The most devastatingly heart breaking thing I read once was the Rose West's daughter sent her 'Best Mum' cards for Mother's Day when she was is prison.

Delphiniumandlupins · 06/09/2024 23:42

He's the only father your children have, they don't want him to be shit because that would make them feel less great about themselves. They probably already know he's not all they want and deserve and they will understand this more as they get older.

Edingril · 06/09/2024 23:55

So you chose to have children with him and now those children are not thinking the way to you want them too?

Pallisers · 07/09/2024 00:00

My sister in law is nearly 60. She is still trying to get her dad's attention and love. He is a selfish man who left her and her brother with a mentally ill mother. He has never supported her. His behaviour at her wedding was utterly selfish. He sided with her ex when they had their split. That was years ago but she is still chasing his love. Because she knows that it isn't a given.

I was talking to bil about this yesterday. She deserves so much better but because she never had the solid foundation of knowing her dad loved her and had her back (like I did, like dh and BIL did) then she is always going to be performing for him to a certain extent.

The rosette is because your child doesn't trust his love will always be there for her.

At least they have you.

onemorerose · 07/09/2024 00:20

He’s their dad, they don’t know the ins and outs, thankfully, as a single mother I want to protect them from past toxicity and am glad they don’t know about it. It’s hard, I know. Protect your children as much as you can x

youve987456 · 07/09/2024 00:24

Kids still love and idolise parents even if they are shit. They want to have the best parents. My partner was the victim of abuse but still loved his parents.

thursdaymurderclub · 07/09/2024 00:24

bringonyourwreckingball · 06/09/2024 21:28

He has been a shitty dad though. He spent thousands of pounds on prostitution which could have put our kids through university. And he was never there when they needed him.
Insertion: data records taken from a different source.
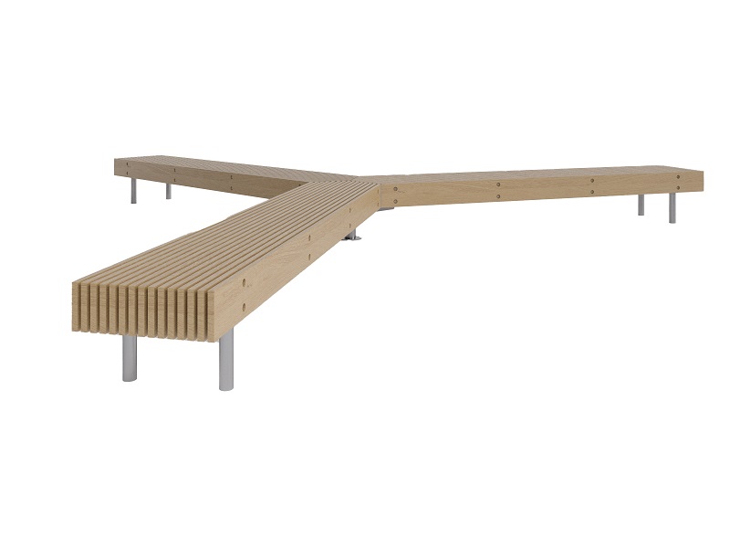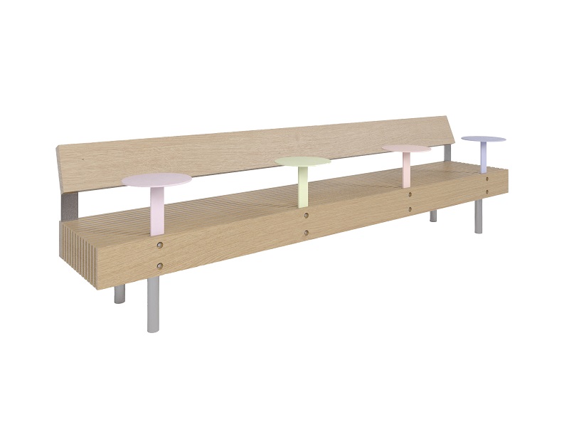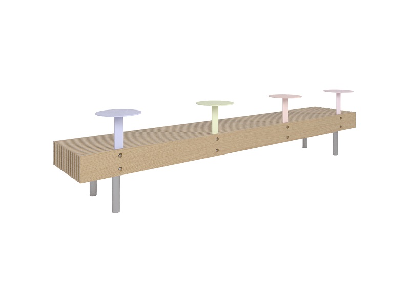 Скамья, вдохновленная эстетикой массива древесины. Woody состоит из деревянных блоков, надежно закрепленных шестью винтами из нержавеющей стали. Сиденье расположено на визуально тонких стальных ножках, создавая при этом ощущение парения в воздухе. Скамья не требует дополнительного обслуживания в течение всего срока эксплуатации. Все деревянные детали сохраняются в натуральном виде и не имеют никакого покрытия, кроме пропитки от вредителей, что помогает подчеркнуть естественный и эстетичный процесс старения древесины. Скамья состоит из модулей, позволяющих создать различные линейные или замкнутые комбинации. Некоторые модули имеют дополнительные функции, такие как встроенная велопарковка или защита для ствола дерева. Вариант с USB-разъемом будет удобен для тех, кто захочет задержаться на улице подольше. Интересным и практичным дополнением является прочный столик для напитка, ноутбука или книги, контрастная окраска которого добавит привлекательный акцент. Вечером выделится декоративная LED подсветка, доступная для всех моделей Woody. Частью коллекции является и детская мини-версия скамьи, подходящая для самых маленьких любителей провести время на свежем воздухе.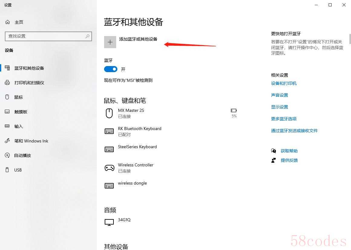 如果你的电脑本身支持蓝牙或者购买了蓝牙接收器,那么在系统的右下角就会有一个蓝牙标志,双击这个按钮打开蓝牙设置窗口,然后点击“添加蓝牙或其他设备”这个按钮即可。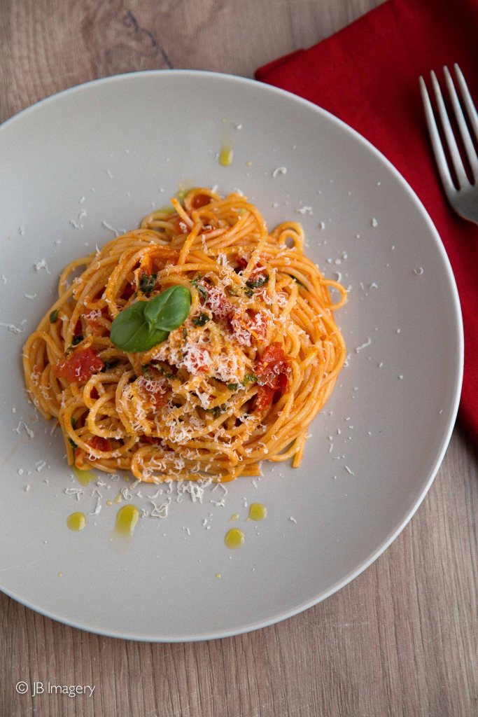 Spaghetti Pomodoro has been one of my favourite dishes ever since I was in University (which was many moons ago). In a very student like manner, I remember I would make a very basic spaghetti every week with a large jar of Dolmio sauce and covered it in a mountain of cheddar cheese. It was sloppy, tangy and I loved it at the time. Especially because I could eat a ginormous plate of it and not put on any weight. The good old days.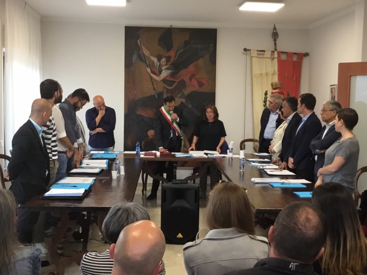 Grande partecipazione della comunità, ieri, all’insediamento del nuovo sindaco di San Ginesio, Giuliano Ciabocco, e del nuovo consiglio comunale eletto il 10 giugno scorso.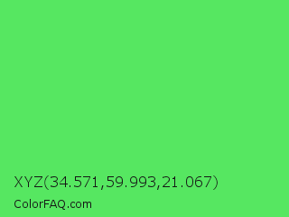 XYZ 34.571,59.993,21.067 Color is a light green color and the nearest color is Screamin Green #66ff66. Hex code #56e761 and RGB value is rgb(86,231,97). In RGB color space, this color is composed of 34% red, 91% green, 38% blue, In CMYK color space, this color is composed of 63% cyan, 0% magenta, 58% yellow , 9% black , In HSL color space, this color has a hue angle of 125° , 75% saturation and 62% lightness.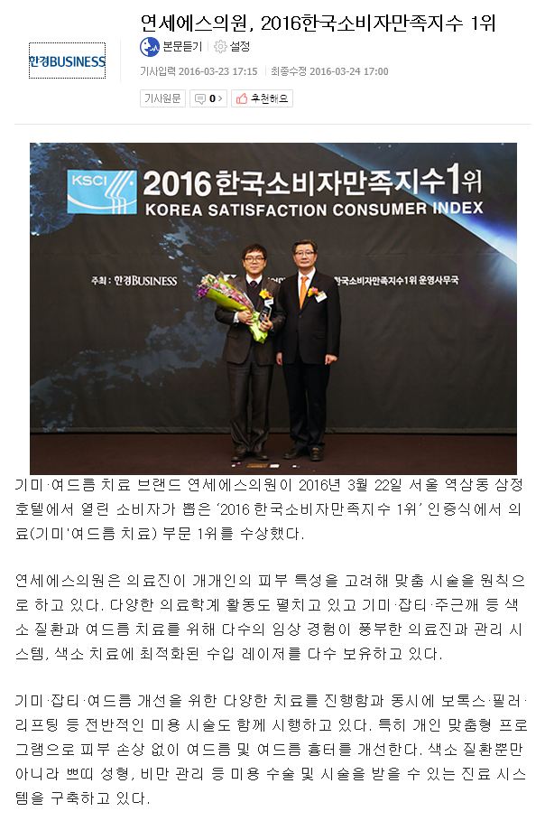 인쇄하기/글자확대.축소 기본 크게 더크게 인쇄 스크랩 목록보기 한경BUSINESS 연세에스의원, 2016한국소비자만족지수 1위 페이지 정보 작성자연세S클리닉 작성일2016-07-07 18:36:43 조회3,476 댓글0 본문 인쇄하기/글자확대.축소 기본 크게 더크게 인쇄 스크랩 목록보기 이전글 ▲[기자탐방] 김상민 원장이 말하는 기미, 여드름 피부관리법 다음글 ▼2016년 6월 옐로우아이디 당첨자 안내!! 댓글목록 등록된 댓글이 없습니다. 이전글 다음글 목록보기

Shortly after we split I had breast cancer - he did nothing to support the kids through that.

only in your eyes!... my ex husband was no angel... and to be fair i wasn't the best wife but we agreed to not bad mouth each other in front of the kids. its only since their dad passed away have they begun to realise that not everything was a rosy as it was made it... it did them no harm..
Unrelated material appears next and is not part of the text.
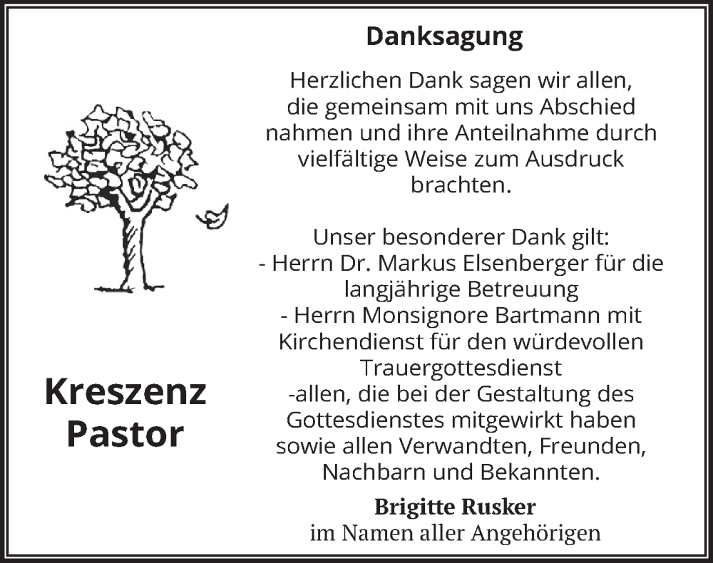 Hier finden Sie alle Traueranzeigen aus der Zeitung, die bisher für Kreszenz Pastor erschienen sind. Weitere Traueranzeigen, die in der Zeitung erscheinen, werden hier ebenfalls aufgelistet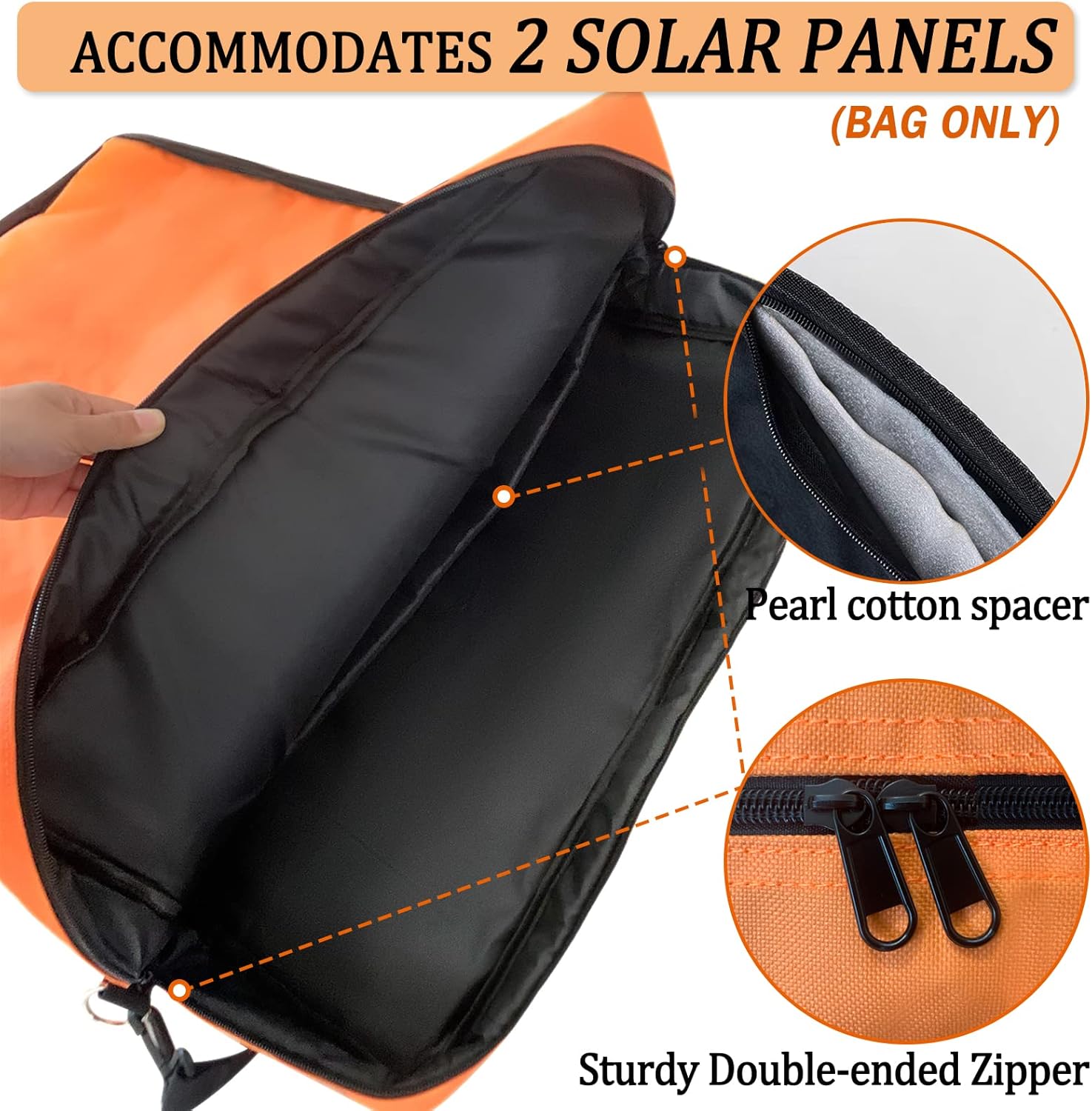 Padded Utility Solar Panel Bag,for Jackery 100 watt Solar Panel,Double Layer Design, Can Hold 2 Battery Panels,Orange

you don't want to be that woman who punishes her shitty husbands actions by making his kids hate him.. leave them be.. suffer in silence

whatwouldlilacerullodo · 07/09/2024 00:32

I didn't RTFT. Did you tell them you raised them alone? Did you tell them their father diverted money for other stuff? Did you tell them of the important occasions you were alone with them and made everything work out? These are facts, but they won't guess if no one tells them.

feliciabirthgiver · 07/09/2024 00:35

OP your post really resonated with me and like the PP's have been saying, you children will discover this in their own time. Just as you did, remember when you thought he was the bees knees and he would be the best father to your children, now you know better, as they will do in their own time.
If it's any consolation this is the card my DD (21) got her father this year, I've never slagged him off but she is now old enough to see the reality for herself.
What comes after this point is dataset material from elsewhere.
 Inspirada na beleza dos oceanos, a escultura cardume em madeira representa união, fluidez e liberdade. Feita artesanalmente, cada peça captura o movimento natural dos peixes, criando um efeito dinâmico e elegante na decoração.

Why don’t my kids realise how shit their father is?
LifeIsNeverKind · 07/09/2024 00:35

Your daughter wants him to be the 'best ever dad', she doesn't necessarily think he is. Even if she doesn't see him for what he is now, she will one day. And she'll be thankful that her one decent parent didn't point out what a disgusting deadbeat he really is.

CheekyHobson · 07/09/2024 00:39

you don't want to be that woman who punishes her shitty husbands actions by making his kids hate him.. leave them be.. suffer in silence

A more positive way of framing this might be "Give your ex the chance to build a relationship with his children that's better than the one he built with you. Your silence is not to protect him, but to protect your children from the stress of knowing their father has behaved in a way that's unworthy of the love they give him."